— WORK INSTRUCTION —
Nothing should appear in the answer except the lines below from the line containing "与华为、百度、中软国际等共建" through the line containing "Va falloir que", copied exactly, with pictures left out.

— THE RECORDS —
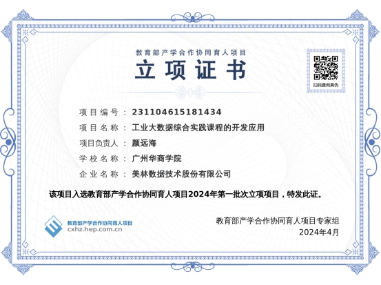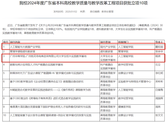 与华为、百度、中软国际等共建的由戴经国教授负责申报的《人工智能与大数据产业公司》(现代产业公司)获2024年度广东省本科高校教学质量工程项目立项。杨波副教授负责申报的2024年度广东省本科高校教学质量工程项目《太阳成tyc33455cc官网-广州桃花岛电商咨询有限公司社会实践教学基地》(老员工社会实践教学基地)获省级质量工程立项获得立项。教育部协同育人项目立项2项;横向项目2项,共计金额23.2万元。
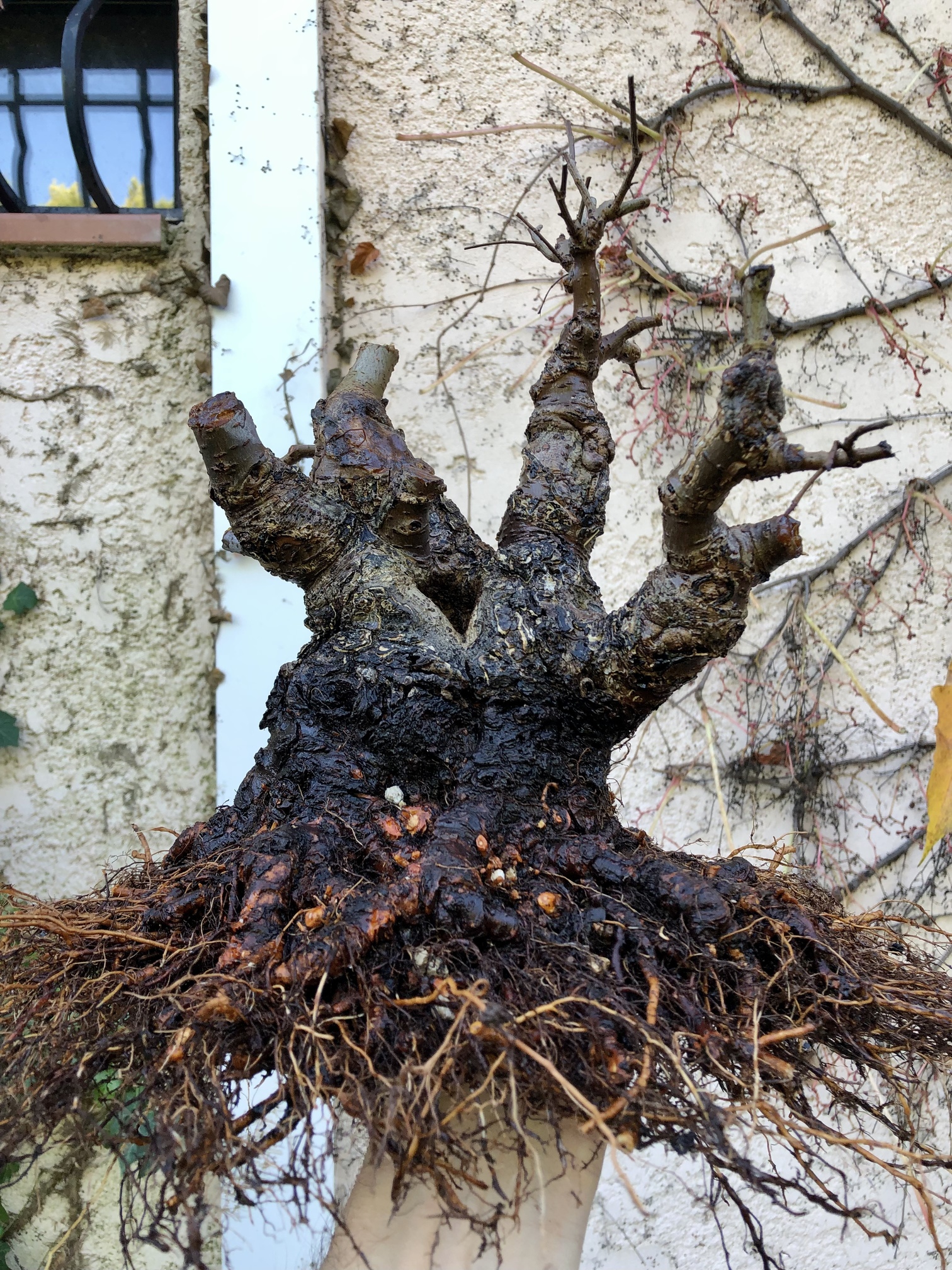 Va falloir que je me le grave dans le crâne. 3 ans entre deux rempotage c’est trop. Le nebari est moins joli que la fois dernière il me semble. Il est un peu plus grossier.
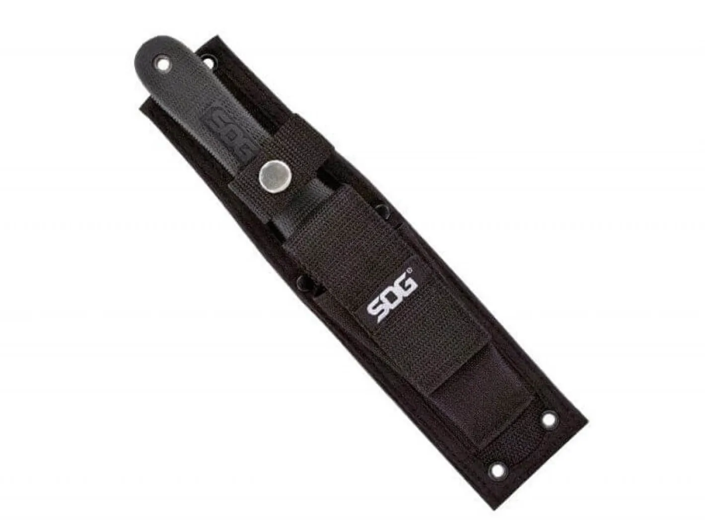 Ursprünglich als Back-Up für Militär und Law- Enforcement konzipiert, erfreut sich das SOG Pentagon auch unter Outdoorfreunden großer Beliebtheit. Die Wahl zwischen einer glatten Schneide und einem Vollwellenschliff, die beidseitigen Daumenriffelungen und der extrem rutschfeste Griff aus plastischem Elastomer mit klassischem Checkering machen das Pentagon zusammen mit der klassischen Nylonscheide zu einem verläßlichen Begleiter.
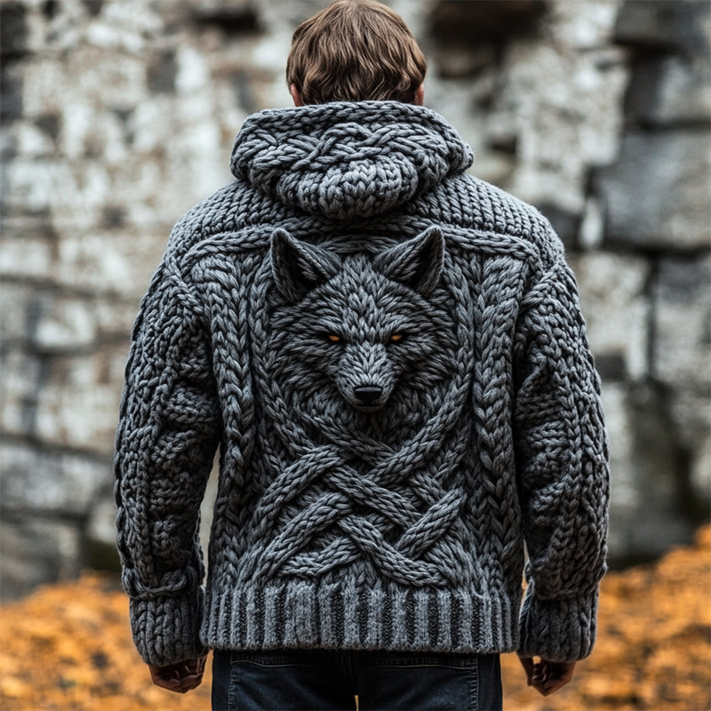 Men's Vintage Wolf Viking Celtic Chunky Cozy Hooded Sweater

* * *

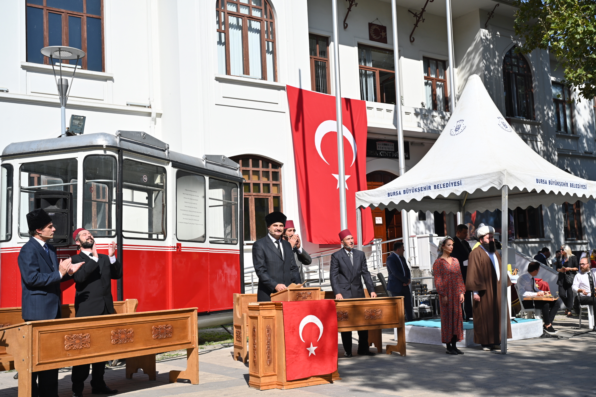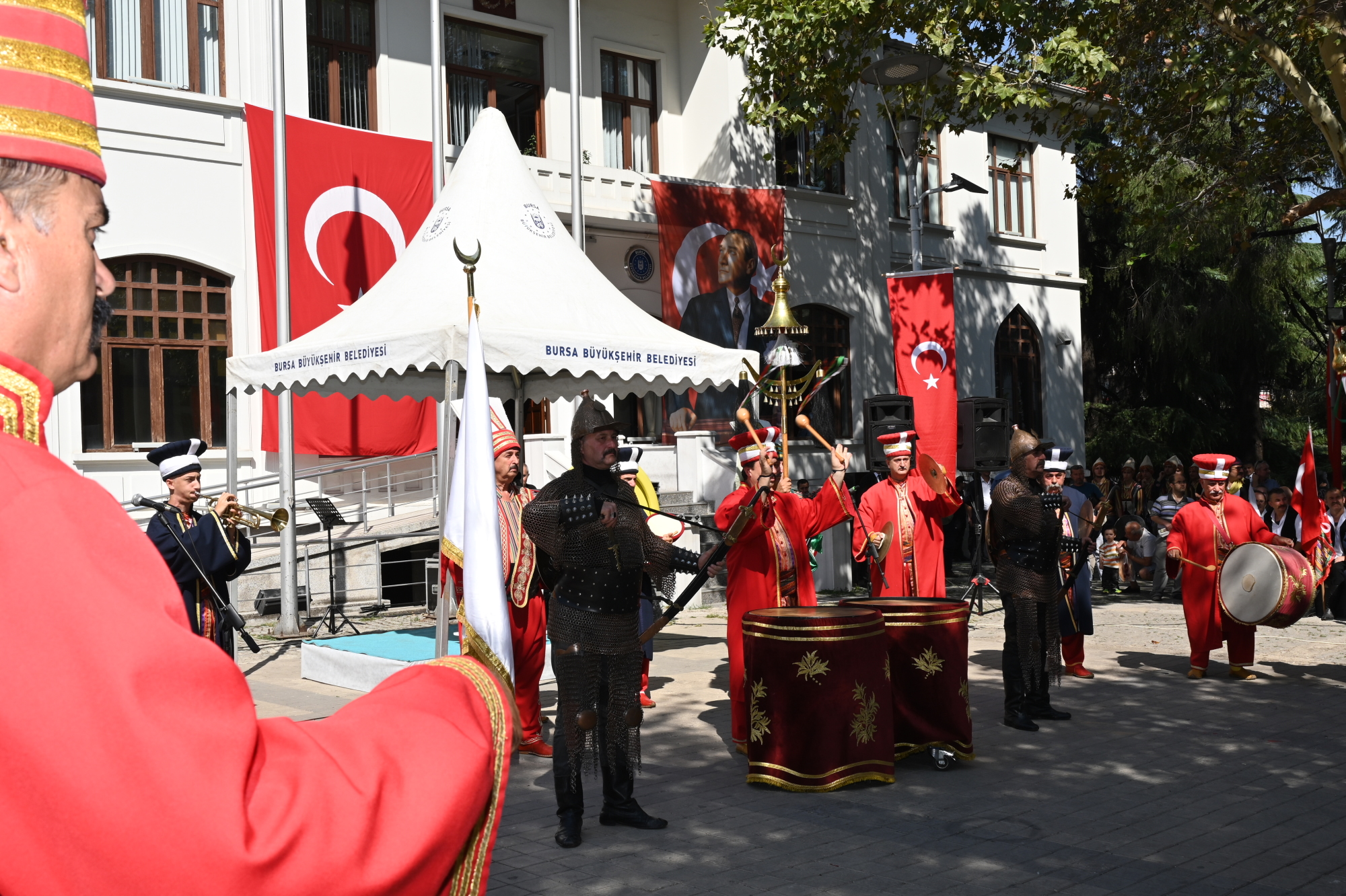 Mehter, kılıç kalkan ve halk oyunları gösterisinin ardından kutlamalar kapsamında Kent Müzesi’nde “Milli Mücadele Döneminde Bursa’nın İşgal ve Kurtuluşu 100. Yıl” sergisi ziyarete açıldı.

---

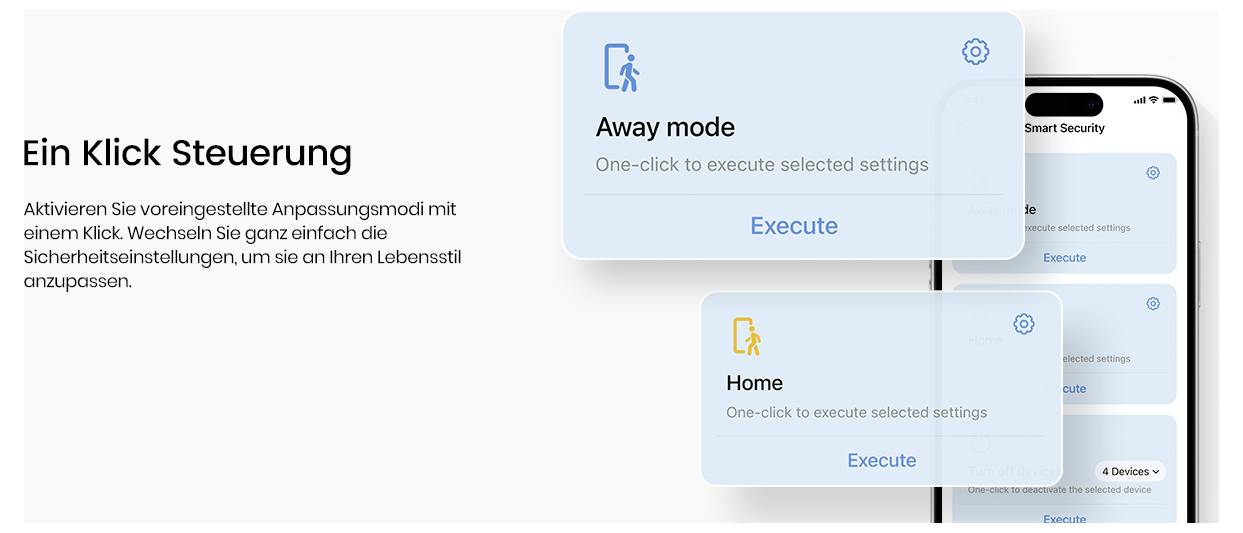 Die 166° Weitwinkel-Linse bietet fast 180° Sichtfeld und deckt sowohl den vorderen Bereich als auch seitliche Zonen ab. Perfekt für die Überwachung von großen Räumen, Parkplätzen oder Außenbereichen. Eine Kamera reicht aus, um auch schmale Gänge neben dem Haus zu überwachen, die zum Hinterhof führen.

— PROBLEM SOLUTION —
 与华为、百度、中软国际等共建的由戴经国教授负责申报的《人工智能与大数据产业公司》(现代产业公司)获2024年度广东省本科高校教学质量工程项目立项。杨波副教授负责申报的2024年度广东省本科高校教学质量工程项目《太阳成tyc33455cc官网-广州桃花岛电商咨询有限公司社会实践教学基地》(老员工社会实践教学基地)获省级质量工程立项获得立项。教育部协同育人项目立项2项;横向项目2项,共计金额23.2万元。
 Va falloir que je me le grave dans le crâne. 3 ans entre deux rempotage c’est trop. Le nebari est moins joli que la fois dernière il me semble. Il est un peu plus grossier.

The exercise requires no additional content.